In Zusammenarbeit mit ehemaligen Gangmitgliedern unterstützt die Prem Rawat Foundation (TPRF) das Projekt „Saat der Hoffnung“, das in Ecuador mit Lebensmitteln, Saatgut und Anleitung zum Anbau ein nachhaltiges Ernährungskonzept fördert. TPRF initiierte dieses Projekt mit einer Beihilfe von 15.000 $, die jetzt auf 40.0000 $ aufgestockt wurde.
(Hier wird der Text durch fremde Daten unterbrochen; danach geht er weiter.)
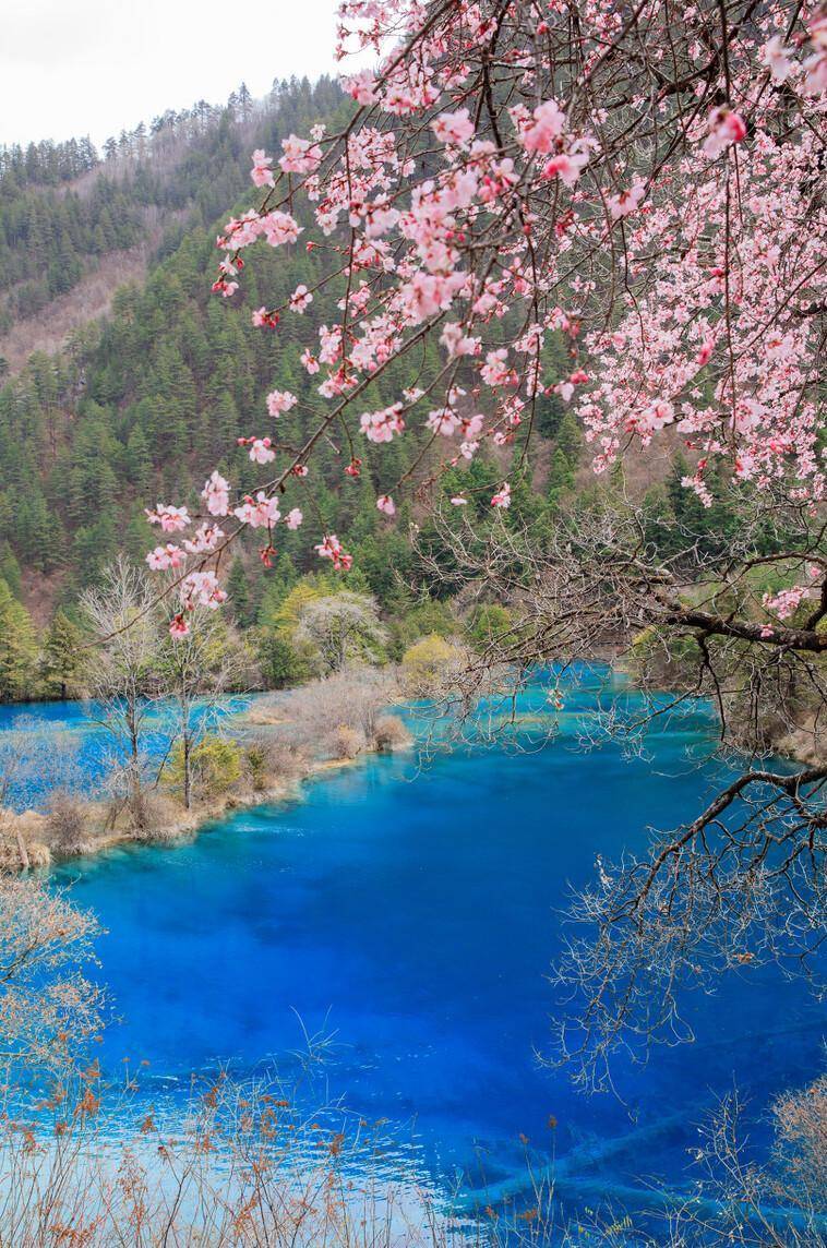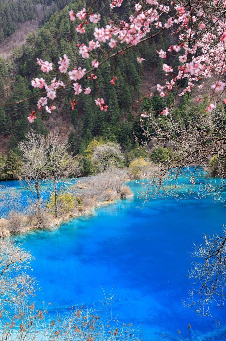 四月走进九寨沟,共赴一场春日之约。在这里可以看到各种清澈碧绿的海子,发着新嫩绿新芽的森林草甸,还有迎风绽放的山花。当漫山遍野的桃花,遇上闻名天下的秀水,透露出一种震撼心灵的美,在春光明媚的四月一定不要错过九寨沟的桃花盛宴!
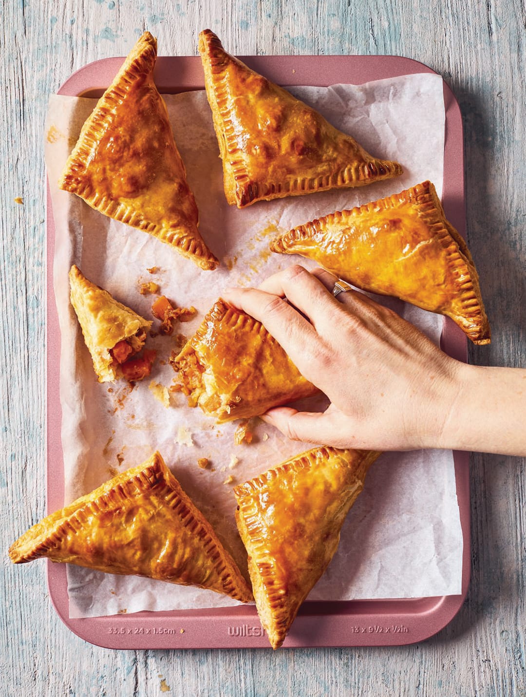 3 Unroll the pastry and cut it into 6 equal squares. Brush the edge of each square with the egg wash. Add a generous tablespoon of the filling to each square, then fold the pastry over to make a triangle, sealing the edge with a fork. Brush the pies with the egg wash.

Das von Projektmanager Paul Murtha zusammengestellte Video-Tagebuch gibt einen Einblick, wie das Projekt Menschen dabei hilft, während der Covid-19-Pandemie und darüber hinaus in Würde zu leben.

Das Video wird in verschiedenen Sprachen zu sehen sein, sobald die Übersetzungen verfügbar sind.

Lesen Sie eine Zusammenfassung des Videoberichts von Paul Murtha:

Das von der Prem Rawat Foundation (TPRF) gesponserte Programm „Saat der Hoffnung“ ist ein Beitrag zur Ernährungssicherheit in einigen schwer von der Covid-19-Pandemie betroffenen Gemeinden in der Provinz Imbabura, Ecuador. Es entstand aus der langjährigen Zusammenarbeit zwischen TPRF und der Gruppe Calle Paz y Respeto, ehemaligen Bandenmitgliedern aus dem Stadtviertel Alpachaca. Da wir wussten, dass viele betroffene Familien ohne Nahrung sind, weil sie ihre Häuser nicht verlassen dürfen, um zu arbeiten, begannen wir zusammen mit Mitgliedern von Calle Paz y Respeto mit der Verteilung von Soforthilfe-Lebensmittelkörben.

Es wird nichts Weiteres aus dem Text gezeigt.